千明くんと関わってから、慣れないことをしては失敗ばかりだし、いつだってそわそわと気持ちが落ち着かない。
だけど――。
彼と学校で丸一日話せなかっただけで、まるで世界から色が無くなったみたいに物足りない。
私はふと顔を上げて千明くんを見る。
彼は相変わらず真剣な表情で、一心にペンを走らせていた。その横顔は気安く近寄ったら天罰が下りそうなほど神々しいオーラを放っていて……たかが数メートル先なのに遥か遠くにいるようだった。
「――じゃあ本田、頼めるか?」
「っ!」
いきなり先生に名前を呼ばれ、上の空だった私は急に現実に引き戻される。
気がつけば顔を上げているのは自分だけで、みんな先生と目が合わないよう露骨に俯いている。それに今思えば、今日のホームルームはやけに長い。

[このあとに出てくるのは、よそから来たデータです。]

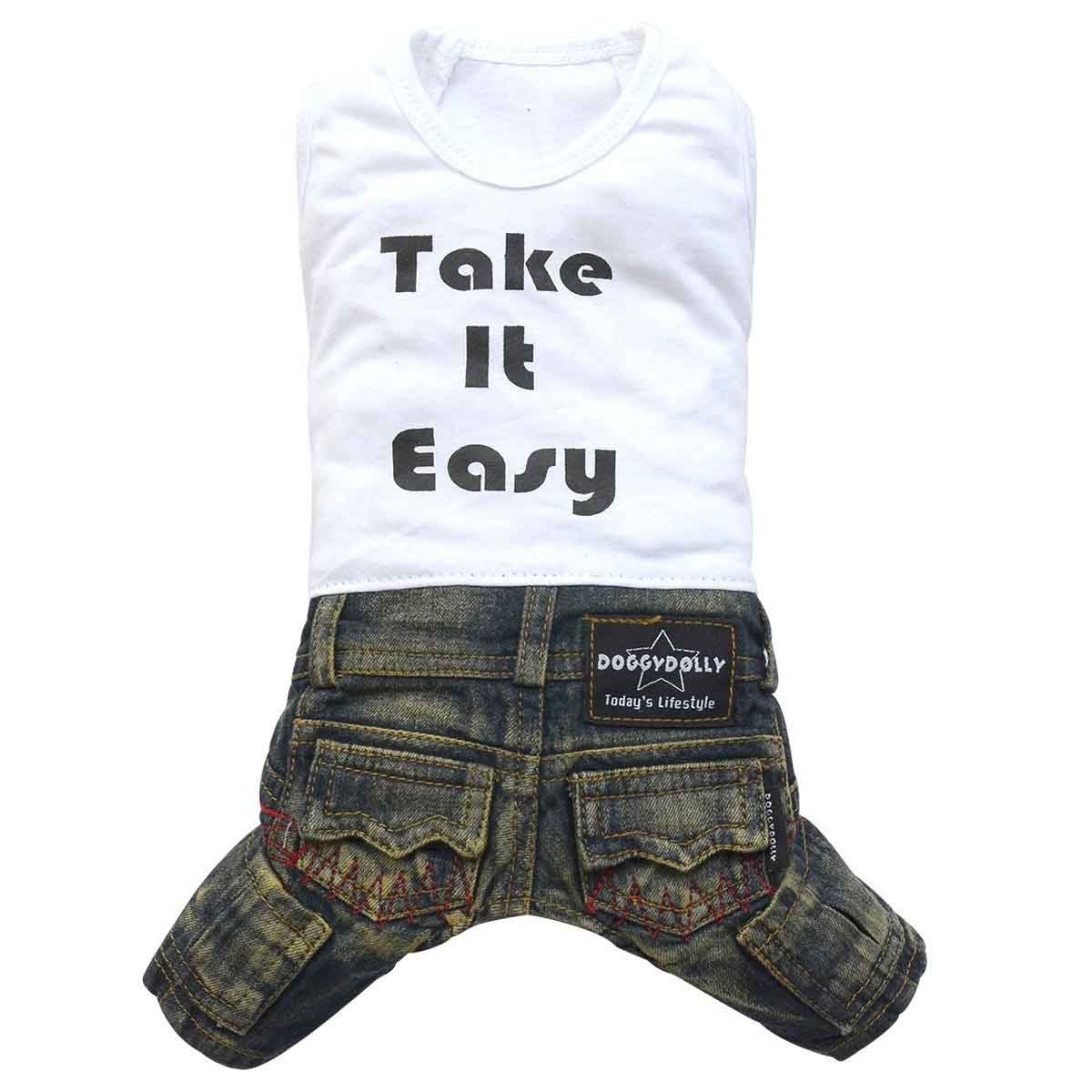 Die sportliche Hunde-Jeanskombi aus der DoggyDolly Kollektion ist ideal als Outfit für den Frühling oder Sommer. Der Hundeanzug besteht aus einer Jeanshose und einem Hundeshirt in einem Kleidungsstück. Die Hundehose ist aus echtem Denim-Stoff, stonewashed, im black-used-Style, mit den typischen Jeansnähten und anderen liebevollen Details, wie Taschen u.s.w. Das ärmellose Hunde-T-Shirt ist weiss und hat einen Aufdruck auf der Rückenpartie: TAKE IT EASY. Durch das weiche Material ist die Jeanskombi für den Hund angenehm zu tragen und engt ihn in seiner Bewegungsfreiheit nicht ein. Die Intimzonen sind freigehalten, so dass der Hund sich lösen kann. Waschbar bei 30°C Feinwäsche. Größe XL Brust 51-53cm, Rücken 33-35cm

私が返事もなくきょとんとしていると、先生はかったるそうに言う。
「ったく、聞いてなかったのか? 体育祭実行委員の高橋が怪我で本番に出られなくなったから、クラスの女子から一人代理が必要なんだ。本田なら部活も入ってないし、しっかりしてるし」
「ぇ? ぁ……でも」
戸惑う私の声は自分のマスクで減衰されて、到底先生まで届かない。
「悪いけど宜しくな。じゃあホームルーム終わり、解散ー」
先生の号令とともに、みんなやれやれと言わんばかりに続々と帰っていく。私だけが状況を飲み込めず、ポツンと席に取り残されていた。
他にも帰宅部の女子は何人もいるのに……何が『しっかりしてる』だか。
小学生の時から思ってたけど、どうして教師というのは“喋らない=授業態度がいい=しっかり者”という乱暴な等式を押し付けてくるんだろう。真面目な優等生キャラを期待される事ほど息の詰まることはない。
マスクの下で密かにムッと口を尖らせていると、先生は「本田」とけろっとした顔で言う。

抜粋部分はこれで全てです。